Build a data warehouse based on StarRocks to implement real-time computing of incremental data - E-MapReduce

This topic describes how to build a data warehouse based on StarRocks to implement real-time computing of incremental data.

Prerequisites

A Dataflow cluster or a custom cluster that contains the Flink and Kafka services is created. For more information, see Create a cluster.
A StarRocks cluster is created. For more information, see Create a StarRocks cluster.
An ApsaraDB RDS for MySQL instance is created. For more information, see Create an ApsaraDB RDS for MySQL instance.
Note
In this example, the Dataflow cluster is of EMR V3.40.0, the StarRocks cluster is of EMR V5.6.0, and the MySQL version of the ApsaraDB RDS for MySQL instance is 5.7.

Limits

The Dataflow cluster, StarRocks cluster, and ApsaraDB RDS for MySQL instance must be deployed in the same virtual private cloud (VPC) and in the same zone.
The Dataflow cluster and StarRocks cluster must be accessible over the Internet.
The MySQL version of the ApsaraDB RDS for MySQL instance must be 5.7 or later.

Overview

In latency-sensitive business scenarios, data must be immediately processed after it is generated. Real-time computing of incremental data can help you reduce the latency. You can use Flink to aggregate data from layers such as the data warehouse detail (DWD) and data warehouse summary (DWS) layers in advance and persist the aggregation results for further use.

Architecture

The following figure shows the architecture of this solution.

Flink-StarRocks

The solution consists of the following steps:

Use Flink to build a real-time data warehouse, cleanse, process, convert, and aggregate data, and then write the aggregation results to Kafka topics.
Use a StarRocks cluster to subscribe to layers of data from the Kafka topics and persist the data for subsequent queries and analysis.

Features

The solution provides the following features:

Incremental data is cleansed, processed, converted, and aggregated by Flink and persisted to a StarRocks cluster through subscription.
The aggregation results can be double-written or single-written.
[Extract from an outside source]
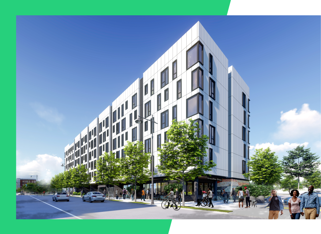 The project will ultimately preserve and develop 2,400 mixed-income units of housing to serve residents at various levels of area median income (AMI). The apartment complexes will offer bedroom sizes ranging from studios to threebedrooms. The first phase will develop 72 units of housing, 18 of which will serve renters at 30% AMI. The remaining units will rent at 60% or 80% AMI.

If you select the double-writing mode, the results in each layer are written to the Kafka topic in the next layer and sink to the StarRocks cluster in the same layer. If you select the single-writing mode, the results are written only to the Kafka topics, and the StarRocks cluster persists the results in real time by subscribing to layers of data from the Kafka topics. The single-writing mode allows you to query the status of data and update data if required.
The StarRocks cluster provides tables for upper-layer applications to perform real-time queries.

Advantages
- Data computing is performed in real time. This meets the requirements of latency-sensitive business scenarios.
- The metrics are easy to modify. Different from traditional incremental data computing solutions, this solution persists the intermediate status to a StarRocks cluster. This helps improve the flexibility of subsequent analysis operations. If the quality of intermediate data cannot meet your business requirements, you can modify tables to update data.
Disadvantages
- To implement real-time computing of incremental data, you must master the necessary skills in Flink.
- The solution is not suitable for scenarios in which data is frequently updated and cannot be accumulated in calculations.
- The solution is not suitable for scenarios in which resource-consuming and complex operations such as multi-stream JOIN are performed.
Scenarios
The solution is suitable for scenarios in which you want to perform simple computing operations on a small amount of data in real time. The most common scenario is the processing of event tracking data.

Procedure

Step 1: Create source MySQL tables
Step 2: Create Kafka topics
Step 3: Create tables in the StarRocks cluster and data import jobs
Step 4: Run a Flink job to start a data stream
Step 5: View the database and table information
Step 6: Insert data and query the inserted data

Step 1: Create source MySQL tables

Create a test database and a test account. For more information, see Create accounts and databases.
After you create a test database and a test account, grant the read and write permissions to the account.
Note
In this example, a database named flink_cdc and an account named emr_test are created.
Use the test account to log on to the ApsaraDB RDS for MySQL instance. For more information, see Use DMS to log on to an ApsaraDB RDS for MySQL instance.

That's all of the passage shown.